Re: SPAM-LOW: Re: Federated Search

2007-03-14 Thread Tim Patton
I have several indexes now (4 at the moment, 20gb each, and I want to be 
able to drop in a new machine easily).  I'm using SQL server as a DB and 
it scales well.  The DB doesn't get hit too hard, mostly doing location 
lookups, and the app does some checking to make sure a document  has 
really changed before updating that back in the DB or the index.  When a 
new server is added it randomly picks up additions from the message 
server (it's approximately round-robin) and the rest of the system 
really doesn't even need to know about it.
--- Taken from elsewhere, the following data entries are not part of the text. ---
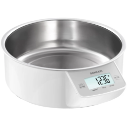 Кухонні ваги Sencor SKS 4030 WH зі знімною чашею. Поєднання стильного дизайну й функціональності. Чаша ваг знімна, виготовлена з неіржавкої сталі для легкого догляду. Крім стандартного зважування, на цих вагах можна автоматично відображати на дисплеї об'єм молока або води. При зважуванні Ви можете вибрати одиниці вимірювання (метричні або англійські) на нижній частині ваг за допомогою перемикача одиниць вимірювання. Великий РК-дисплей з підсвіткою відображає не тільки вагу продуктів, а також визначені параметри для зважування.
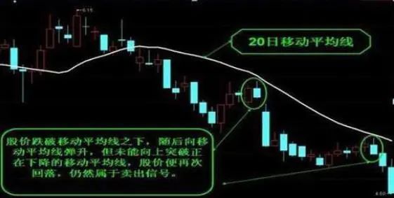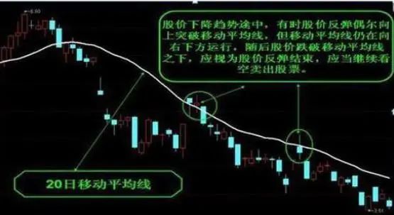 1、股价下降趋势途中,有时股价反弹偶尔向上突破移动平均线,但移动平均线仍在向右下方运行,随后股价再次跌破移动平均线之下,应视为股价反弹结束,应当继续看空卖出股票。
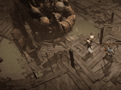 - 수도원 더 깊은 곳에서, 질서의 타락한 수행자가 충격파로 다리를 파괴합니다

I've realized partitioned indexing is a difficult, but solvable problem. 
 It could be a big project though.  I mean we have all solved it in our 
own way but no one has a general solution.  Distributed searching might 
be a better area to add to Solr since that should basically be the same 
for everyone.  I'm going to mess around with Jini on my own indexes, 
there's finally a new book out to go with the newer versions.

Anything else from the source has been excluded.